If, at the beginning of February, the weather happens to be so warm as to make the buds of the rose-tree swell and appear green, small aphides are frequently to be found on them, though not larger than the young ones in summer, when first produced. It will be found, that those aphides which appear only in spring, proceed from small black oval eggs, which were deposited on the last year's shoot; though it happens that, when the insects make too early an appearance, the greater part suffer from the sharp weather that usually succeeds, by which means the rose-trees are some years freed from them. The same kind of animal is then at one time of the year viviparous, and at another oviparous. Those aphides which withstand the severity of the weather, seldom come to their full growth before the month of April, at which time they usually begin to breed, after twice casting off their exuvia, or outward covering.

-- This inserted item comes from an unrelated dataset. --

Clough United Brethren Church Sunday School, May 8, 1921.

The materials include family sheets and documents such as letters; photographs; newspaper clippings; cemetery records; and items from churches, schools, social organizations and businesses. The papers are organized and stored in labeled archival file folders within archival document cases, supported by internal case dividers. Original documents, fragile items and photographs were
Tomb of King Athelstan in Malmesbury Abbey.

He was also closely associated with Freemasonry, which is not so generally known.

When they first come from the parent, they are enveloped in a thin membrane, having the appearance of an oval egg; these egg-like appearances adhere by one extremity to the mother, while the young ones contained in them extend to the other, and by that means gradually draw the ruptured membrane over the head and body to the hind-feet. Being thus suspended in the air, the insect soon frees itself from the me ane in which it was confined, and, after its limbs are a little strengthened, is set down on some tender shoots, and left to provide for itself. In the spring months there appear on the rose-trees but two generations of aphides, includ-ing those which proceed immediately from the last year's eggs; the warmth of the summer adds so much to their fertility that no less than five generations succeed each other in the interval. One is produced in May, which casts off their covering; while the months of June and July each supply two more, which cast off their coverings three or four times, according to the different warmth of the season. This frequent change of their outward coat is the more extraordinary, because it is repeated more often when the insects come the soonest to their growth, which sometimes happens in ten days, when they have had plenty of warmth and nourishment. Early in the month of June, some of the third generation, which were produced about the middle of May, after casting off the last covering, discover four erect wings, much longer than their bodies; and the same is observable in all the succeeding generations which are produced during the summer months, but, like all the others, without any diversity of sex : for some time before the aphides come to their full growth, it is easy to distinguish which will have wings, by a remarkable fulness of the breast, which in the others is hardly to be distinguished from the body. When the last covering is ejected, the wings, which were before folded up in a very narrow compass, are gradually extended in a surprising manner, till their dimensions are at last very considerable. The increase of these insects in the summer time is so very great, that by wounding and exhausting the tender shoots, they would frequently suppress all vegetation, had they not many enemies to restrain them.